IMG_Sep222020at32432PM[1].jpg Sundry Photography-stock.adobe.com
The Dublin-based company said TYRX is intended to securely hold a percutaneous driveline in patients.

Medtronic is keeping the product fires warm with a new breakthrough device designation aimed at enhancing ventricular assist devices (VAD). The Dublin-based company said on Tuesday FDA had granted it the destination for the TYRX Absorbable Antibacterial Driveline Wrap.

TYRX is intended to securely hold a percutaneous driveline in patients. A vital component of VAD systems, the driveline connects the implanted heart pump to an external controller that is powered by an AC or DC adapter, or external batteries. Because the driveline extends outside the body, it is susceptible to infection. 

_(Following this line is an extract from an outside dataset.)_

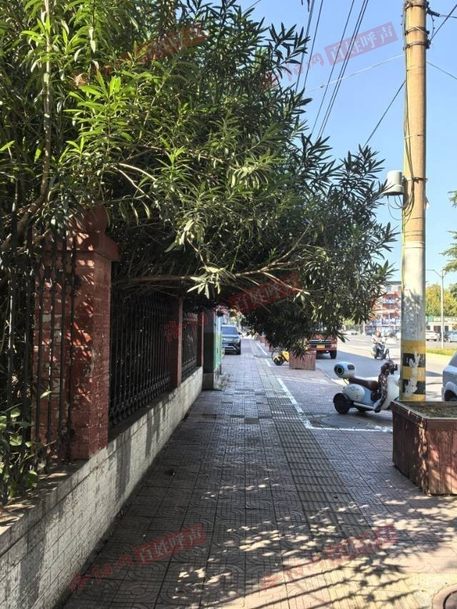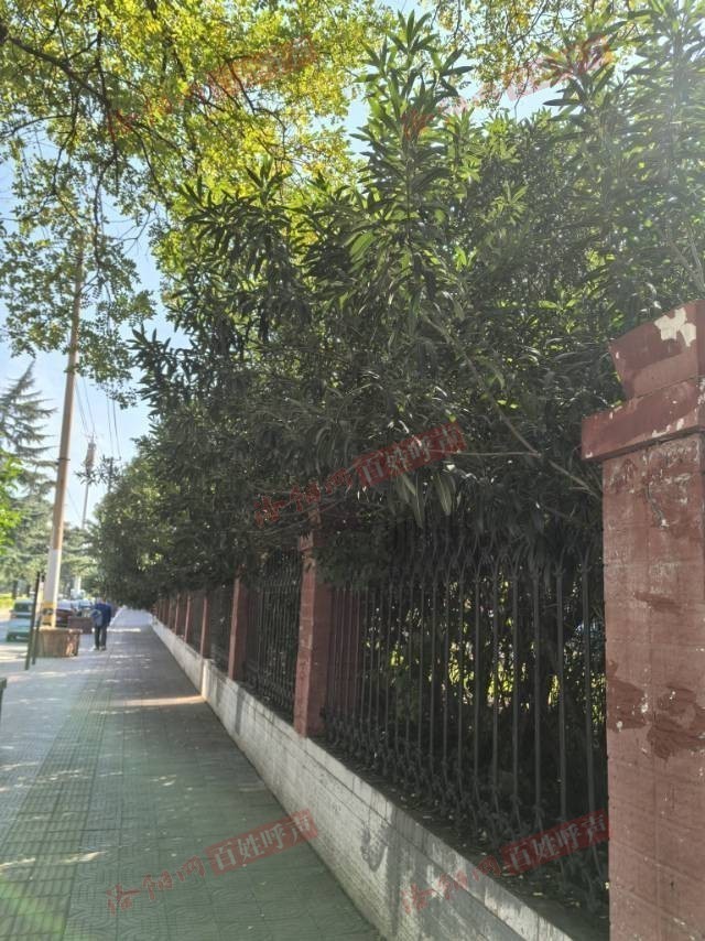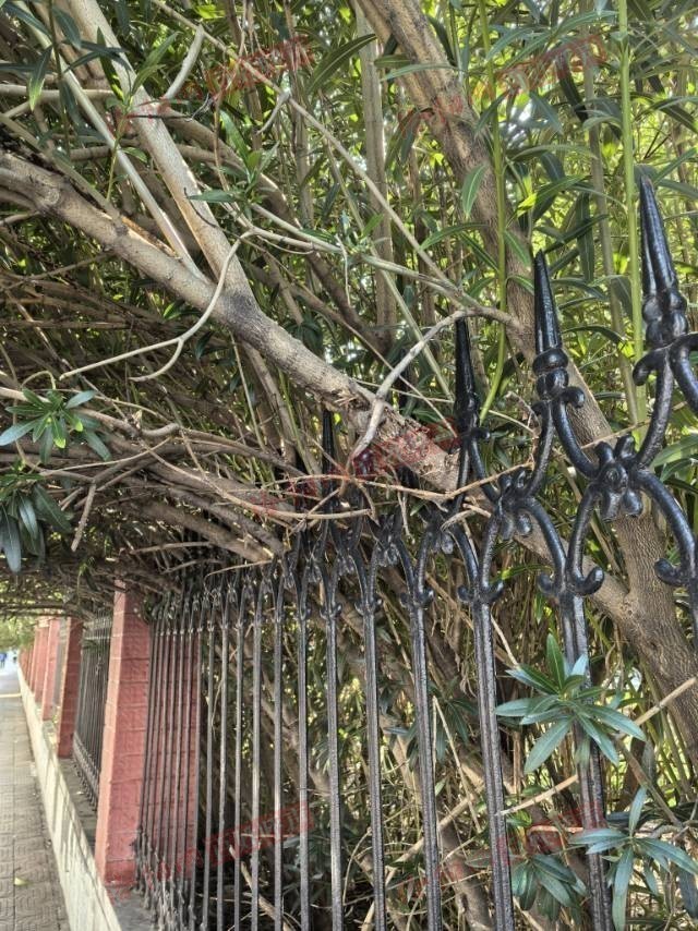 在涧西区10号(北院)街坊北边靠中州西路南边人行道有近70步距离的长度(附照片),从街坊内种植的夹竹桃树透过铁栅栏大量申长到了人行道上方近人高,沿路东西长约70步,遇雨雪大风天气恐压到栅栏(铸铁)砸伤路人。时间越长,树越长越大也越重,压垮栅栏的几率也越大,越危险。管理责任单位应该是该街坊物业和涧西区城管局。

To help reduce driveline complications, the TYRX can be used It is fully absorbed by the body approximately nine weeks after implantation,  and stabilizes a cardiac implantable electronic device such as a pacemaker or implantable defibrillator, or an implanted neurostimulator.

Medtronic’s most famous device in the VAD market is its HVAD system. The company inherited the technology when it acquired HeartWare in 2016 for $1.1 billion. A little more than two years ago, Medtronic gained a nod for a less invasive implantable approach of the HVAD system.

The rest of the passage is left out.